Computers analysing and acting on what they see is not science fiction or even a new concept, it has been a reality of humankind's drive towards hyper-efficiency since around the time I was born.

Computer vision is not new

Computers analysing and acting on what they see is not science fiction or even a new concept, it has been a reality of humankind's drive towards hyper-efficiency since around the time I was born.

Machine learning tools

I'm not a data scientist, but by using tools such as Custom Vision provided by Microsoft Azure Cognitive Services, I was able to spin up a demo of a self-checkout in pretty much a day. The demo detected objects, basket behaviour and matched barcode/epos data to specific product detection to help inform when unscanned products enter the basket area.

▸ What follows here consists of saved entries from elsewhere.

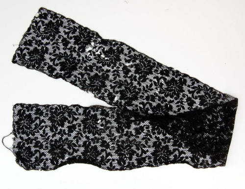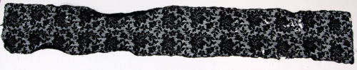In filo di cotone nero, di forma rettangolare, presenta un ricamo a motivo floreale. Il bordo per tutta la lunghezza ha un motivo a lobi appena accennati.Notizie storico-critiche
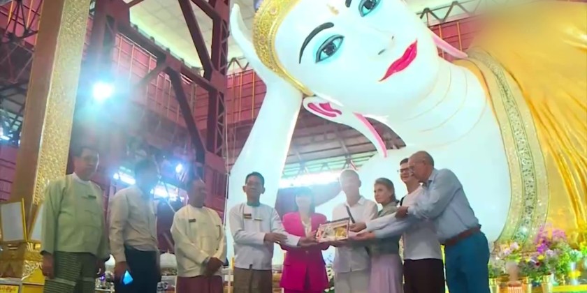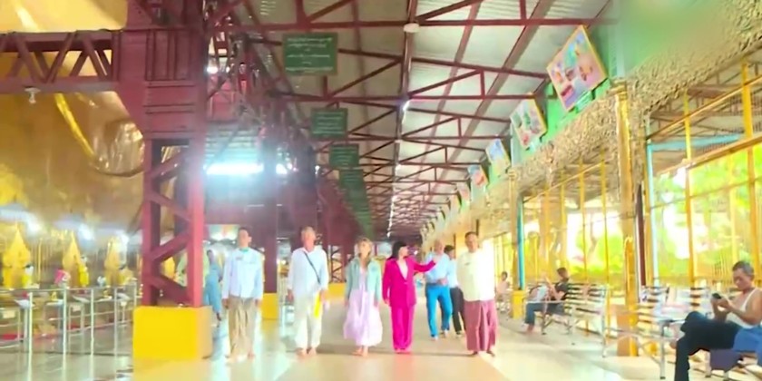 After that, they visited and admired both the Botataung Kyaikdaeatt Hsan-Daw-Oo Pagoda and the Khyauk Htatt Kyee Pagoda, joyfully taking commemorative photos with the devotees.
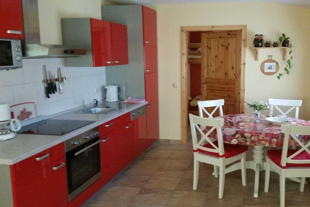 Kære gæster, vores 55 m² store ferielejlighed ligger cirka 200 m fra den østlige bred af Plausøen. Nærheden til søen og den rolige, rolige beliggenhed i udkanten af byen er det, der gør denne indkvartering så speciel. Der er en stor eng (2000 m²), hvor du og dine børn og hunde kan løbe frit rundt. I denne behagelige atmosfære kan I slappe af og nyde smukke dage i naturen. Den tilstødende terrasse tilbyder en vidunderlig udsigt over hestefolden.
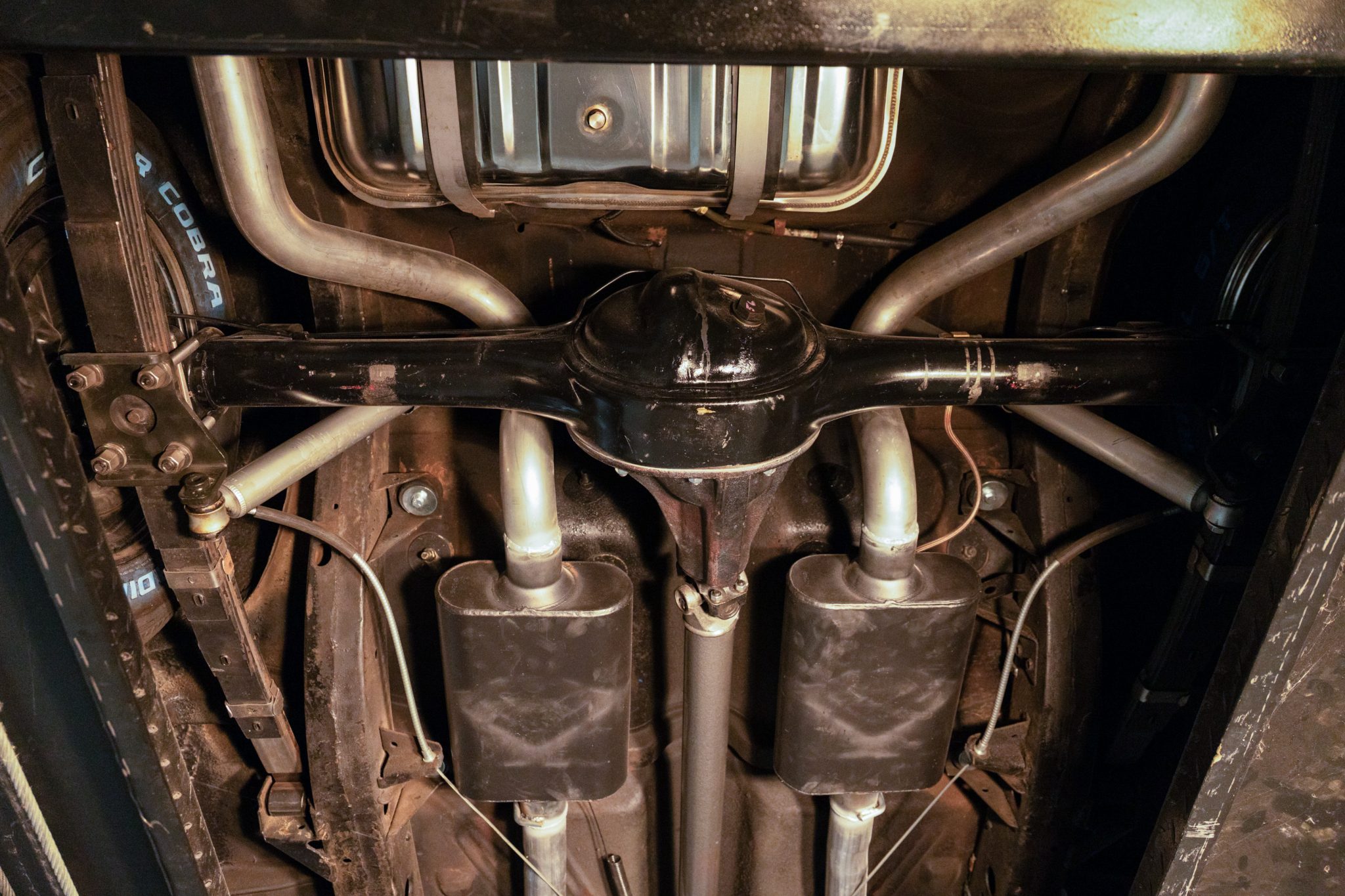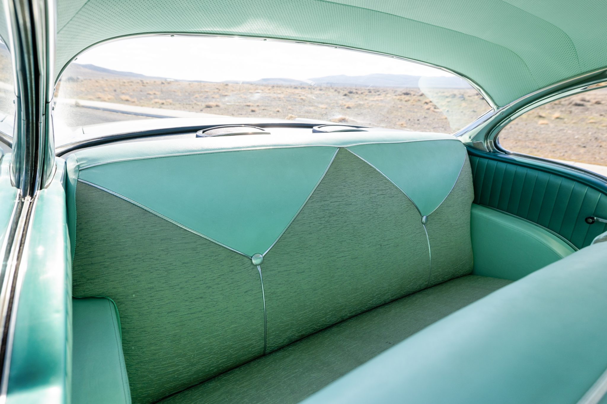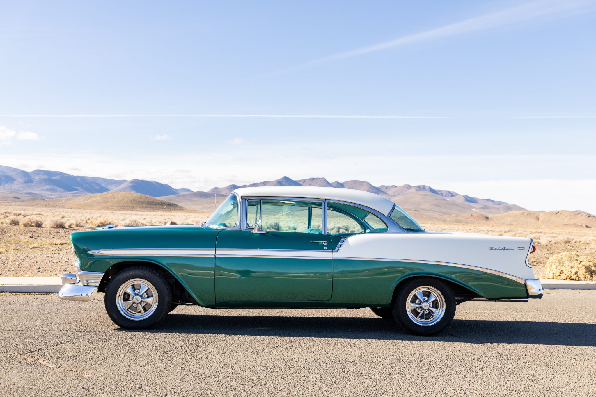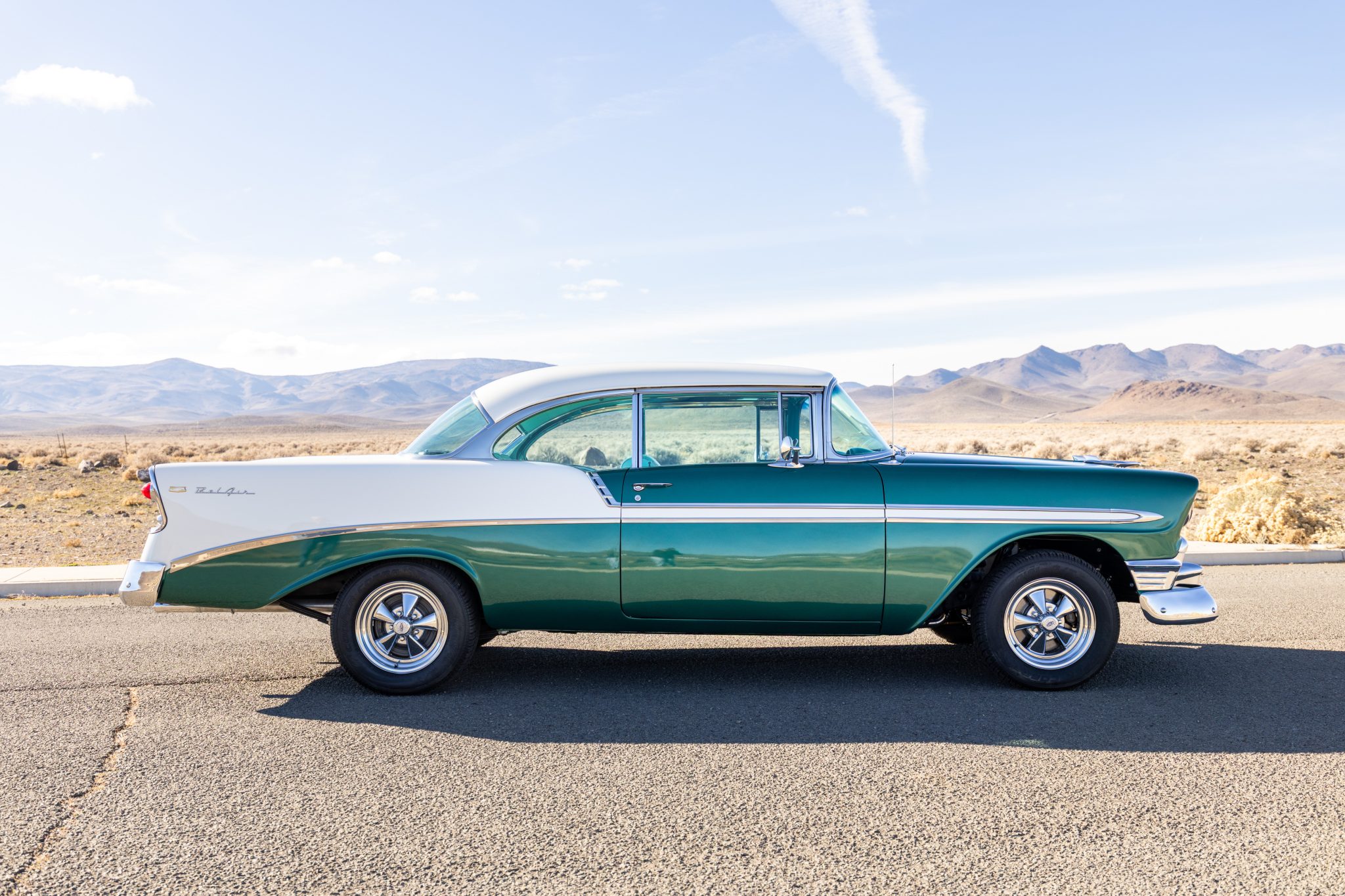The suspension was overhauled, and a 350ci V8, a TCI 700R4 automatic transmission, and Wilwood front disc brakes were installed at that time. Inside, the cabin was refreshed with green upholstery and fitted with sound-deadening material, aftermarket air conditioning, a Bluetooth stereo, a tilt steering column, and Classic Instruments gauges. Additional equipment includes 15″ Cragar S/S wheels, long-tube headers, power steering, MSD ignition, a March accessory drive setup, and an Edelbrock carburetor and intake.

If it's relatively straight forward to implement a proof-of-concept like the above, then why aren't multiple use cases rolled out across the billions of devices that are already out there?

A wealth of content, but analysis uptake is poor

There are perhaps a billion IP cameras dotted around the globe... and a few more billion phones with cameras. A relatively small percentage of these captured images are analysed, by interested parties such as social networks, video streaming services, manufacturers, governments and others.

Around 100 million photos are shared on Instagram each day, which would take a very dedicated human around a year to just look at (turns beer mat back over). Computers can do this much more quickly and efficiently, but like real-time video streams, deployment of computer vision at scale is scarce.

Deployment at scale

Computer vision comes at a high monetary and energy cost. Netflix claims to do computer vision at scale, but that appears to be limited to 2 million images for simple metadata extraction, using Haar classifiers for people detection and a text detection algorithm for, you guessed it, text.

If we compare a supermarket with 5000 shops, each with ten cameras running at 25 frames per second, in only 2 seconds the supermarket has generated significantly more than the 2 million images Netflix are calling computer vision at scale.

User and business value

Deploying a computer vision platform requires investment, a business needs to consider the value computer vision would bring and optimise for costs. Simply training models alone can present a high price before any analysis or prediction. In our experience, when developing models, the focus needs to be placed on bringing data and environments to data teams so that they can create and iterate on models.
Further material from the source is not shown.